Mengelberg in the music of Dutch composers of his time:
Dopper’s Ciaconna Gotica (Mengelberg’s 1940 studio recording for Telefunken is the shared piece on both discs) is the masterpiece there. I’m intrigued by this Cornelis Dopper. There was a famous episode in 1918 when he was derided by his more forward-looking colleague Matthijs Vermeulen for sounding like Sousa but, while certainly not avant-garde, the music is way more modern than that. It traverses many moods with a great freedom of form which makes it at times difficult to concentrate on, but I suspect that it’s the kind of music that grows on you with more familiarity. I may explore Dopper further.

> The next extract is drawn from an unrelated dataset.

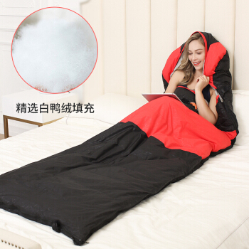 自由の舟駱駝屋外大人キャンプ羽毛保温厚い寝袋秋冬室内軽便アヒル羽毛封筒型隔汚れ寝袋3.3 kg青

While doing some fact-checking on these two CDs (a lot!), I chanced on the great online archive of the Concertgebouw Orchestra: as with the similar archive of the New York Philharmonic, you can find the info about every concert given by the orchestra since the end of the 19th century. For instance, what else was given at the famous 1939 concert in which Mengelberg premiered Bartók’s Violin Concerto with Zoltán Székely? Beethoven’s Egmont Overture and Tchaikovsky’s 4th Symphony. Or how many times did Mengelberg conduct works of Dopper? 88 concerts (although why Bach’s cantata BWV 51 for soprano and trumpet appears six times remains unexplained to me), including Symphonies Nos 2, 3, 5, 6 and 7, Ciaconna Gotica 40 times. And since Archive Documents did not provide the recording dates of its material but only mentioned that the live performance of Voormolen’s Sinfonia was its premiere, it enabled me to find datings. Invaluable.